Purity Test Logo
How good is your RAG pipeline? take the test below to find out.
Caution: This is not a checklist. Completion of all items on this test will likely result in customer churn.
  1. I blindly chunk by character limit, instead of looking for stop tokens.
  2. I use more than 80% of the context window for each generation.
  3. I vectorize full documents, without creating chunks.
  4. I only use vector search for retrieving documents.
  5. I pack the context window with more than 10 results for each generation.
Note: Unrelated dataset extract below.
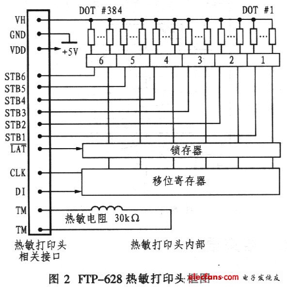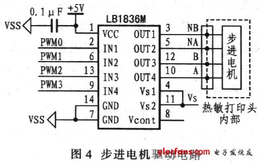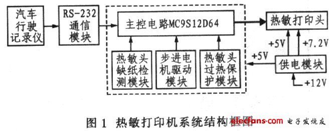 1803 行駛記錄儀的開發(fā)過程中,根據廠家要求,選用較為先進的熱敏打印機作為打印設備。但微型熱敏打印頭對打印時序和溫度要求較高,一旦控制不當極易造成打印頭燒毀。因此,在有合理的硬件設計的基礎上,軟件設計也十分重要。本文使用某些軟件設計替代了部分硬件電路,使打印機的控制電路得到了簡化。

  6. I think I'm too cool to use plaintext search in my RAG pipeline
  7. I still use text-ada-002 embeddings model from OpenAI.
  8. I do not use a semantic filter or post-processing step.
  9. I blindly process user query without protecting for prompt injection.
  10. I blindly dump user documents into my vector index without any pre-processing or reformatting
  11. I don't inject context to my document chunks before vectorizing them
  12. I still use the standard RAG prompt from the Langchain tutorial.
  13. I evaulate my RAG pipeline performance using vibes.
  14. I don't use LlamaParse for processing PDFs.
  15. I don't use overlapping chunks to prevent information loss.
  16. I rely on cosine similarity alone to rank results.
  17. I utilize a minimum cosine similarity threshold to filter out irrelevant results.
  18. I do not use query expansion.
  19. I have not experimented with chunk sizes.
  20. I have not updated my pipeline in the last 6 months.